▸ **AVAILABLE DATA**
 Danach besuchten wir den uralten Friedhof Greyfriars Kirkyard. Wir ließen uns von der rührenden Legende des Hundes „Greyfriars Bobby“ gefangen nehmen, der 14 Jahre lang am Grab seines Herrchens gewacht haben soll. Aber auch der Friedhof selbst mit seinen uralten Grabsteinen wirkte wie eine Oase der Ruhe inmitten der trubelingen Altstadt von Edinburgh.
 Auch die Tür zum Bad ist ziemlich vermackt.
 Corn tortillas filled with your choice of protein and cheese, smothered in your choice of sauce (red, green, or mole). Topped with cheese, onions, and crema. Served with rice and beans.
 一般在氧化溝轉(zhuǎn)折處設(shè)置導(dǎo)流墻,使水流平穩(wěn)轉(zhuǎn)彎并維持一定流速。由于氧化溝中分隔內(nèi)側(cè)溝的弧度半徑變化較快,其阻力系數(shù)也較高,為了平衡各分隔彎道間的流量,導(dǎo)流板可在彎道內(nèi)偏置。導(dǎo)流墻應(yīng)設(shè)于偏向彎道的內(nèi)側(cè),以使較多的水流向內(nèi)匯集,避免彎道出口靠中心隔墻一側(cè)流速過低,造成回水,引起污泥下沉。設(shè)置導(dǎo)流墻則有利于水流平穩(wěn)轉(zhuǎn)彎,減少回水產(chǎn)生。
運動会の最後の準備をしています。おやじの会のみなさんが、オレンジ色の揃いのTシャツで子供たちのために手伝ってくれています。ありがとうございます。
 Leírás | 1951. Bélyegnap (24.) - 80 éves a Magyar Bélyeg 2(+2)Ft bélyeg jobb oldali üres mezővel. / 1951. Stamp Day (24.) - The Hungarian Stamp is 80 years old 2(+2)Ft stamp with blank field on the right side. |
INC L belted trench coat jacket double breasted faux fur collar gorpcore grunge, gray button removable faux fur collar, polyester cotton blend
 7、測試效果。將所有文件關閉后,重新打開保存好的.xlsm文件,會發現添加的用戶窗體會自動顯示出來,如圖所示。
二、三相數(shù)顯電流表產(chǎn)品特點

▸ **TASK TO CARRY OUT**
Nothing in the data may differ; print all of it exactly as written.

▸ **FINISHED TASK**
 Danach besuchten wir den uralten Friedhof Greyfriars Kirkyard. Wir ließen uns von der rührenden Legende des Hundes „Greyfriars Bobby“ gefangen nehmen, der 14 Jahre lang am Grab seines Herrchens gewacht haben soll. Aber auch der Friedhof selbst mit seinen uralten Grabsteinen wirkte wie eine Oase der Ruhe inmitten der trubelingen Altstadt von Edinburgh.
 Auch die Tür zum Bad ist ziemlich vermackt.
 Corn tortillas filled with your choice of protein and cheese, smothered in your choice of sauce (red, green, or mole). Topped with cheese, onions, and crema. Served with rice and beans.
 一般在氧化溝轉(zhuǎn)折處設(shè)置導(dǎo)流墻,使水流平穩(wěn)轉(zhuǎn)彎并維持一定流速。由于氧化溝中分隔內(nèi)側(cè)溝的弧度半徑變化較快,其阻力系數(shù)也較高,為了平衡各分隔彎道間的流量,導(dǎo)流板可在彎道內(nèi)偏置。導(dǎo)流墻應(yīng)設(shè)于偏向彎道的內(nèi)側(cè),以使較多的水流向內(nèi)匯集,避免彎道出口靠中心隔墻一側(cè)流速過低,造成回水,引起污泥下沉。設(shè)置導(dǎo)流墻則有利于水流平穩(wěn)轉(zhuǎn)彎,減少回水產(chǎn)生。
運動会の最後の準備をしています。おやじの会のみなさんが、オレンジ色の揃いのTシャツで子供たちのために手伝ってくれています。ありがとうございます。
 Leírás | 1951. Bélyegnap (24.) - 80 éves a Magyar Bélyeg 2(+2)Ft bélyeg jobb oldali üres mezővel. / 1951. Stamp Day (24.) - The Hungarian Stamp is 80 years old 2(+2)Ft stamp with blank field on the right side. |
INC L belted trench coat jacket double breasted faux fur collar gorpcore grunge, gray button removable faux fur collar, polyester cotton blend
 7、測試效果。將所有文件關閉后,重新打開保存好的.xlsm文件,會發現添加的用戶窗體會自動顯示出來,如圖所示。
二、三相數(shù)顯電流表產(chǎn)品特點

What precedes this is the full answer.